The genes absent from Buchnera and present in E. coli include many that are present in other related bacteria such as Haemophilus influenzae and V. cholerae. This supports the view that Buchnera was derived through loss of genes from an ancestor similar to E. coli, a conclusion also reached by Shigenobu et al. [8]. However, some genes were acquired recently by E. coli, after divergence from the Buchnera lineage [52]. The ancestral genome reconstruction was based on the E. coli MCl655 genome [14], following the removal of genes that seemed to have been acquired after the E. coli-Buchnera divergence. The rules for removing a gene were based on phylogenetic distribution of orthologs among the unannotated genomes of three serovars of Salmonella enterica (sv. Typhi, sv. Paratyphi and sv. Typhimurium), Klebsiella pneumoniae and Yersinia pestis and the annotated genome of V. cholerae (GenBank accession number NC 002505) [53]. The unpublished sequence data were produced by the Salmonella, Klebsiella and Yersinia Sequencing Groups at the Sanger Centre (for S. enterica sv. Typhi, K. pneumoniae and Y. pestis) [54] and the Washington University Genome Sequencing Center (for S. enterica sv. Typhimurium and S. enterica sv. Paratyphi) [55]. Determination of phylogenetic distribution was based on the 'Pip-maker' analyses [56] for viewing orthology among enteric and related bacteria as produced by McClelland et al. [57,58]. To qualify as an ortholog to an E. coli gene, a sequence had to show at least 40% amino-acid identity for at least half of the E. coli gene.

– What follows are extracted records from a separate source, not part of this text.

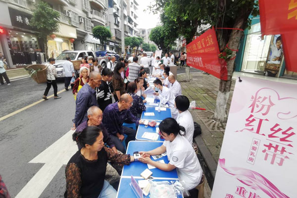 義診現(xiàn)場,醫(yī)院黨員醫(yī)療服務(wù)隊為李市鎮(zhèn)居民提供了關(guān)節(jié)、頸肩腰、乳腺、甲狀腺等方面的咨詢服務(wù),并結(jié)合群眾提供的病史資料,綜合分析給予治療建議。本次活動持續(xù)近2個小時,服務(wù)患者200余人,發(fā)放健康宣傳冊500余份。
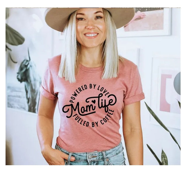 Mom Life Powered By Love Fueled By Coffee T-Shirt, Coffee Lover Shirt, Mama Life Shirt, Caffiene Tee, Mother's Day Shirt, Mom Gift Tee
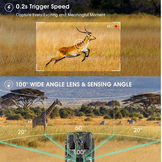 - * 100° groothoeklens en 46 IR-leds: De PIR-sensor met 90° detectiehoek en 46 onzichtbare infrarood-leds zorgt voor een breed zichtveld zonder dieren te verstoren. Zelfs bij regen worden bewegingen helder vastgelegd.
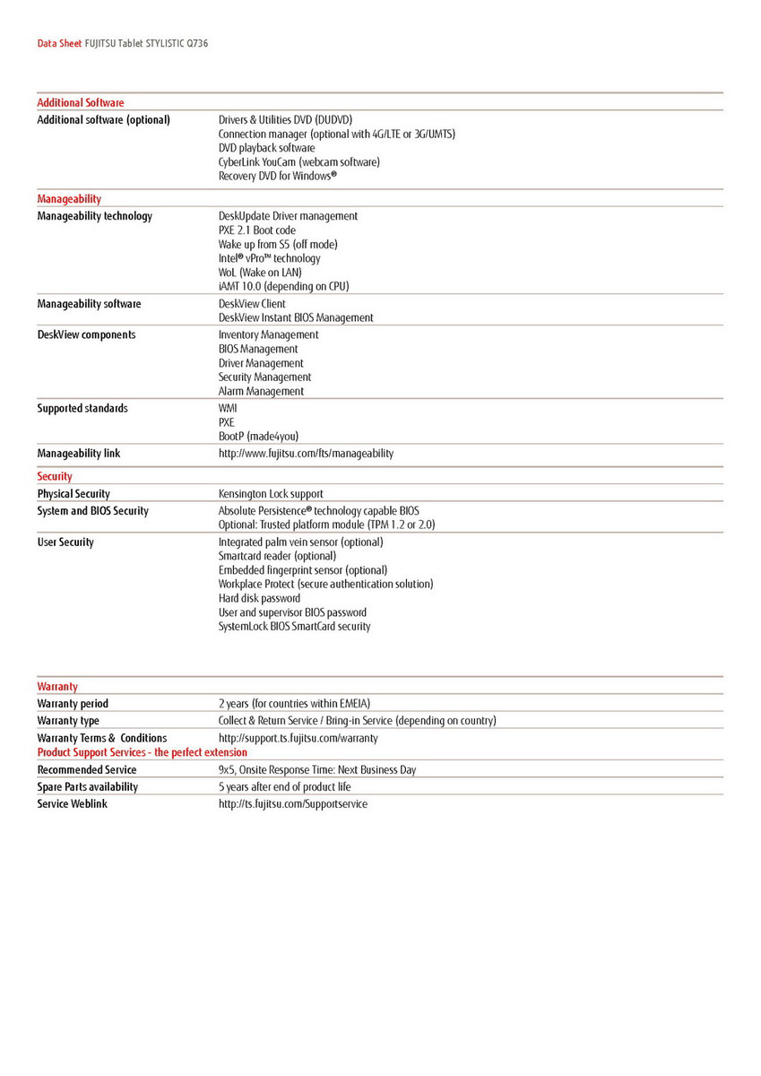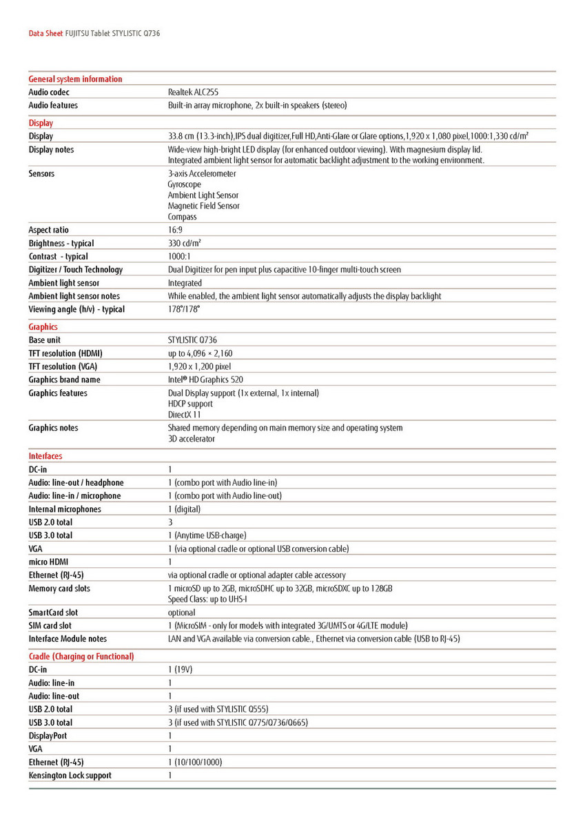 Laut Fujitsu sind Sicherheitsauthentifizierungen biometrisch oder über die SmartCard-Technologie möglich. Zudem kann die auf NFC-Technologie basierende kontaktlose SmartCard unterstützt werden. Das Fujitsu Stylistic Q736 enthält ein verschlüsselbares SSD-Laufwerk sowie das Trusted-Platform-Module (TPM) von Intel. Zudem verfügt das Stylistic Q736 über verschiedenene Verbindungsoptionen, inklusive 4G/LTE-Kommunikation und integriertes GPS.
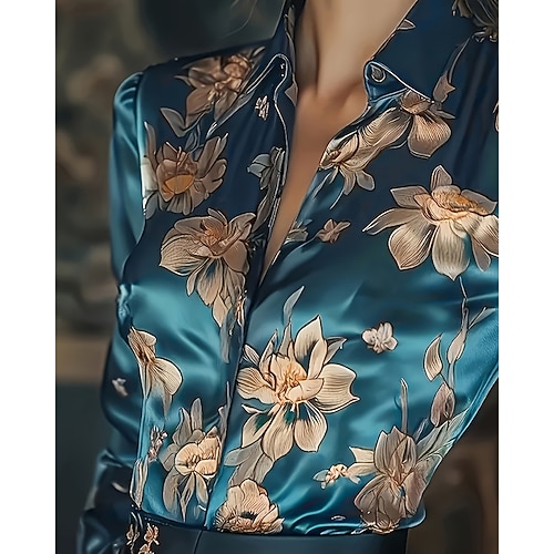 Per donna Camicia Elegant Raso/Satin Blusa Floreale Vintage Elegante Manica Lunga Colletto a Camicia Top Regolari Ferie Uscire Bottoni Stampato Vino Viola Verde Rosa Primavera Autunno

Inclusion of a gene in the ancestor was not dependent on its presence in all the descendant taxa, as a gene could be ancestral but lost from some lineages or acquired after the ancestor but before divergence of some descendant taxa. Therefore, to be retained in the ancestor, an ortholog had to be present in at least one of the close relatives of E. coli (S. enterica sv. Paratyphi, Typhi or Typhimurium, or K. pneumoniae) and also in at least one of the more distant relatives, either Y. pestis (representing a more basal branch of the Enterobacteriaceae) or V. cholerae (branching just outside the Enterobacteriaceae). These requirements effectively impose a parsimony criterion, minimizing the number of gains and losses of genes. This criterion is likely to be valid for most genes across this relatively shallow phylogeny. Sequences most likely to be misrepresented in the ancestor by this reconstruction are phage genes or insertion elements, which may move in and out of genomes too frequently for ancestral states to be reconstructed using parsimony. Buchnera lacks phage or insertion sequences [8].

The ancestor was assigned the gene order of modern E. coli. Although this order is almost certainly not entirely correct, comparison with other bacteria indicates that it is true for a majority of the borders between the 306 fragments (including those lost and those retained). For example, the same linkages occur in E. coli and V. cholerae and/or E. coli and Y. pestis for 219 of the junctions between fragments in Buchnera (example in Figure 5). This implies that most of the E. coli arrangements were present in the ancestor of Buchnera and E. coli and that the ends of syntenic fragments mostly represent sites at which rearrangements occurred in the evolution of Buchnera. A concentration of rearrangements in the Buchnera lineage is also suggested by the much longer average length of spacers that occur between syntenic fragments as compared to spacers that have the same flanking genes in the ancestor and in E. coli (see above). This longer spacer length can be interpreted as arising from remnants of genes that were rendered functionless when rearrangements occurred. When the relevant genomes currently in progress are complete and annotated, a more accurate reconstruction of ancestral gene order maybe possible.